La mesure pour endiguer le nombre considérable de nouveaux cas de contamination en Autriche marque son étape la plus radicale. Alexander Schallenberg, le chancelier autrichien, a annoncé, vendredi 19 novembre, l’entrée en vigueur dès lundi d’un confinement général de tout le pays pour 20 jours. Le chancelier a également annoncé qu’une obligation vaccinale serait instaurée à compter du 1er février 2022.

Après avoir décidé de confiner les personnes non vaccinées puis annoncé le confinement de deux régions, ce confinement général constitue une première en Europe depuis le printemps. « La dynamique des contaminations n’est pas tenable », expliquait jeudi, Wilfried Haslauer, gouverneur (ÖVP, Österreichische Volkspartei, Parti populaire, chrétien conservateur) du Land de Salzbourg, où le taux d’incidence sur sept jours a dépassé les 1 700 cas pour 100 000 habitants.
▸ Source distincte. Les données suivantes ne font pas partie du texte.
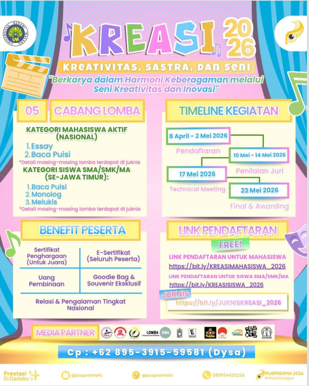 ◻️ https://bit.ly/KREASISISWA_2026 (Siswa SMA/SMK/ MA Sederajat)

Près de 66 % de la population entièrement vaccinée
Sous la pression des mesures et de l’épidémie, le nombre de vaccinés a certes légèrement progressé ces derniers jours, mais il reste toujours tout juste dans la moyenne européenne, avec 65,6 % de l’ensemble de la population ayant reçu deux doses, ce qui est inférieur à la moyenne européenne de 67 % et loin de pays comme l’Espagne (79 %) ou la France (75 %). M. Schallenberg avait qualifié ce taux d’« honteusement bas » quand il avait fait état du projet de confinement des personnes non vaccinées.

Mais le bond épidémique actuel ne s’explique pas seulement par la faible couverture vaccinale. Environ 40 % des personnes symptomatiques positives au coronavirus durant les quatre dernières semaines avaient reçu deux doses de vaccin. Les lits de soins intensifs restent toutefois presque entièrement occupés par des non-vaccinés. Avec près de 500 patients en soins intensifs sur tout son territoire, l’Autriche est encore loin de la situation qu’on observe dans les pays voisins, tous frappés durement par cette quatrième vague.